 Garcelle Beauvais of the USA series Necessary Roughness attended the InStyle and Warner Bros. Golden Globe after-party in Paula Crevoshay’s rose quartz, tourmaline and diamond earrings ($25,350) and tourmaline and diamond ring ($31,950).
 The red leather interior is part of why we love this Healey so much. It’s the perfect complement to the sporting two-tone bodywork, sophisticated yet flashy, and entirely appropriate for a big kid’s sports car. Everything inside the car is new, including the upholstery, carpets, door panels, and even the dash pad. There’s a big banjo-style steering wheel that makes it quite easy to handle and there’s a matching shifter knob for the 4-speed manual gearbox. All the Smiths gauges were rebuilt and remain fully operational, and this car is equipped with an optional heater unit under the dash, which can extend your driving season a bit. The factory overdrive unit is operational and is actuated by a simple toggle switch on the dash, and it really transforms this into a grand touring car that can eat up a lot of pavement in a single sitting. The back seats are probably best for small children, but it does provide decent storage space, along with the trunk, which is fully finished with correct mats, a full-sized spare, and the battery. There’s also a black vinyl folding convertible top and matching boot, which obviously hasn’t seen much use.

—————

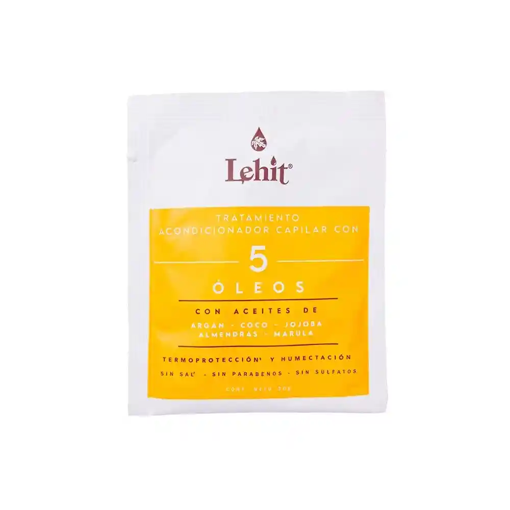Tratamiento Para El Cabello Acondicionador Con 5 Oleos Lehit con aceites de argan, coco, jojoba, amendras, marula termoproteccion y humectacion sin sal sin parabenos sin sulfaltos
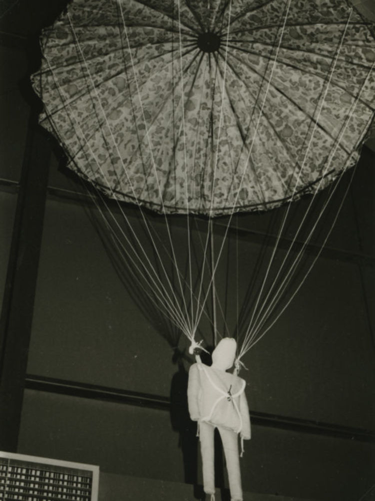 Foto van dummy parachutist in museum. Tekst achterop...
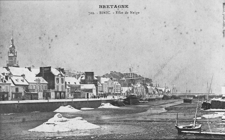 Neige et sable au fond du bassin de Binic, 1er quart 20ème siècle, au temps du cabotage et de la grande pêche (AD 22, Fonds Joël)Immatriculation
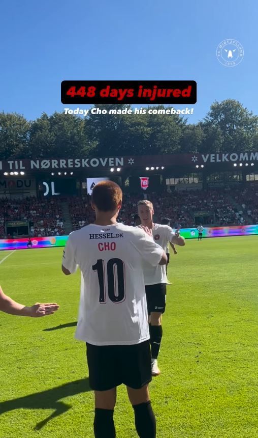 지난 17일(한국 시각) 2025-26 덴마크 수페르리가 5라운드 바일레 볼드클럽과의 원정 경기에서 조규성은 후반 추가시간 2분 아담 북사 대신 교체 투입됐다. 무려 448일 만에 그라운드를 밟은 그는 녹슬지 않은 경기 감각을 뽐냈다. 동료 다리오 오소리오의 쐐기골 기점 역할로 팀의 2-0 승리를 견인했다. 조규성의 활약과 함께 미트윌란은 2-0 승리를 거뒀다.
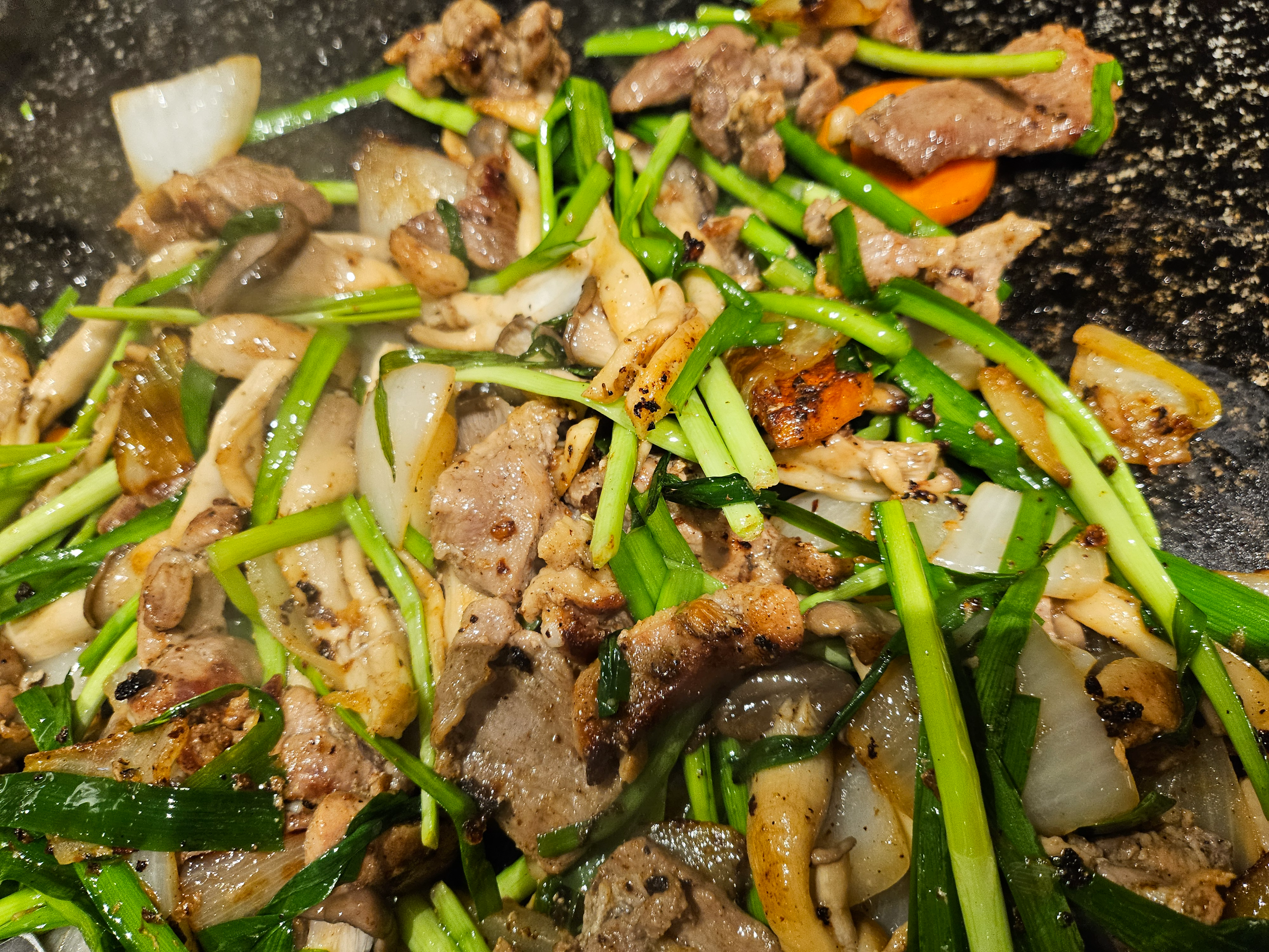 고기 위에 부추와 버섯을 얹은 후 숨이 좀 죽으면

—————

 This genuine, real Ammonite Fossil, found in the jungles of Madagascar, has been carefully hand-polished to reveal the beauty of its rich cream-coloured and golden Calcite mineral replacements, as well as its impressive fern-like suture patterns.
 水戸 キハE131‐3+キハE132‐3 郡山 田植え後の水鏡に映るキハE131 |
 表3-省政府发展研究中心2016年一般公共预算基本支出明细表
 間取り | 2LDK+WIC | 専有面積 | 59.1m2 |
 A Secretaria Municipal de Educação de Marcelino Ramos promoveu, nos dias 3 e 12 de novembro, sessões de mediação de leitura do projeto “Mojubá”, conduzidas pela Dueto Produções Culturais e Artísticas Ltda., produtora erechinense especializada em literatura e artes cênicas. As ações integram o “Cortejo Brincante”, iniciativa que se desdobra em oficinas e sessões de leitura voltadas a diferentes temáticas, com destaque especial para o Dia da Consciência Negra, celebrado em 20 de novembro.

—————

• Problem requirements:
Reproduce exactly, and only, the part of the listing above that begins at the line with "水戸 キハE131‐3+キハE132‐3 郡山 田植え後の水鏡に映るキハE131 |" and goes on through the line with "A Secretaria Municipal".

• Expected answer:
 水戸 キハE131‐3+キハE132‐3 郡山 田植え後の水鏡に映るキハE131 |
 表3-省政府发展研究中心2016年一般公共预算基本支出明细表
 間取り | 2LDK+WIC | 専有面積 | 59.1m2 |
 A Secretaria Municipal de Educação de Marcelino Ramos promoveu, nos dias 3 e 12 de novembro, sessões de mediação de leitura do projeto “Mojubá”, conduzidas pela Dueto Produções Culturais e Artísticas Ltda., produtora erechinense especializada em literatura e artes cênicas. As ações integram o “Cortejo Brincante”, iniciativa que se desdobra em oficinas e sessões de leitura voltadas a diferentes temáticas, com destaque especial para o Dia da Consciência Negra, celebrado em 20 de novembro.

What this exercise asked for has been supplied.